Available data »
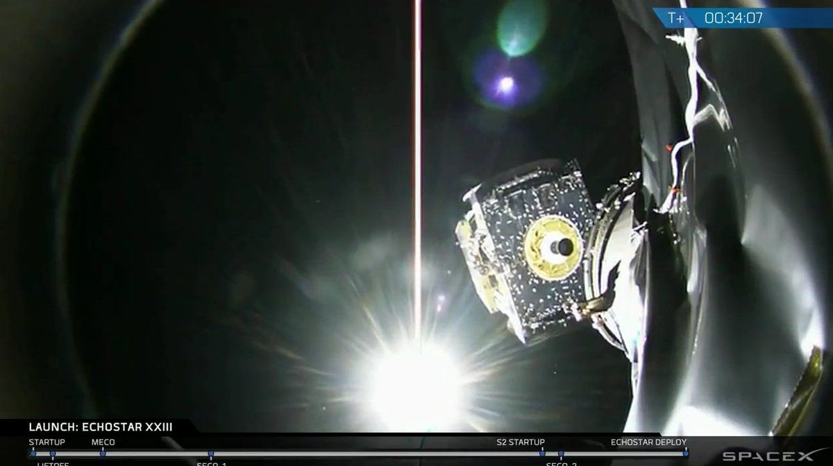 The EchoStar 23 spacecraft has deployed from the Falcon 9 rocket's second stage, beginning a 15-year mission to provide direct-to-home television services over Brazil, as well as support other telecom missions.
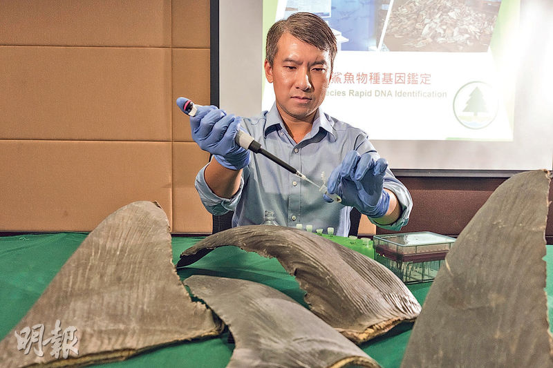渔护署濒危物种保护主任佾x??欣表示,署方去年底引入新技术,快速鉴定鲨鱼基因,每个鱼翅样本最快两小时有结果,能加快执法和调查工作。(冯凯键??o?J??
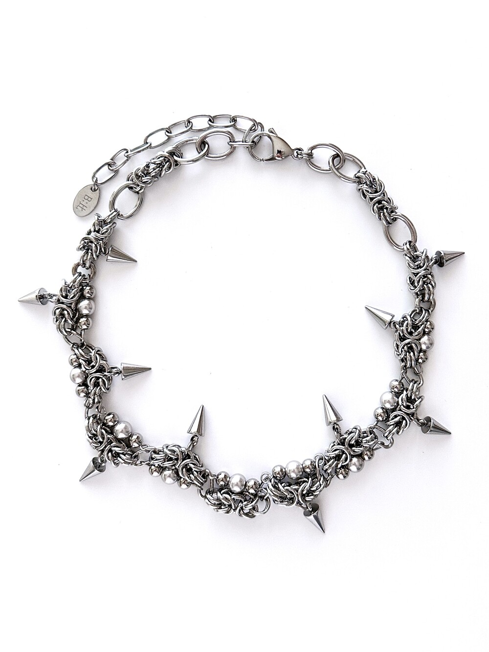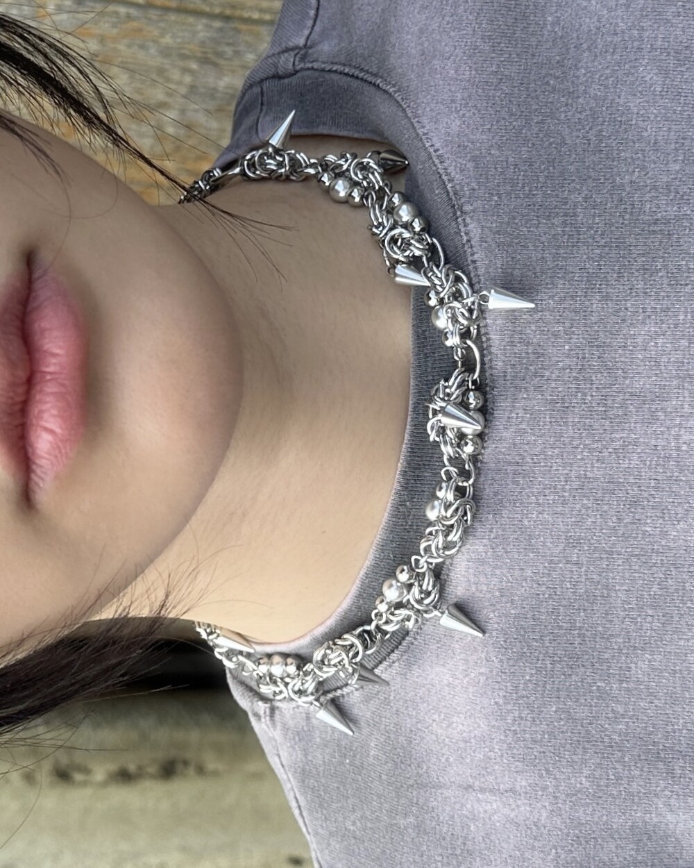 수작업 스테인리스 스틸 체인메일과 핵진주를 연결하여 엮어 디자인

Exercise instructions » For your answer, write out the data exactly and drop every picture.

Solution below »
 The EchoStar 23 spacecraft has deployed from the Falcon 9 rocket's second stage, beginning a 15-year mission to provide direct-to-home television services over Brazil, as well as support other telecom missions.
渔护署濒危物种保护主任佾x??欣表示,署方去年底引入新技术,快速鉴定鲨鱼基因,每个鱼翅样本最快两小时有结果,能加快执法和调查工作。(冯凯键??o?J??
 수작업 스테인리스 스틸 체인메일과 핵진주를 연결하여 엮어 디자인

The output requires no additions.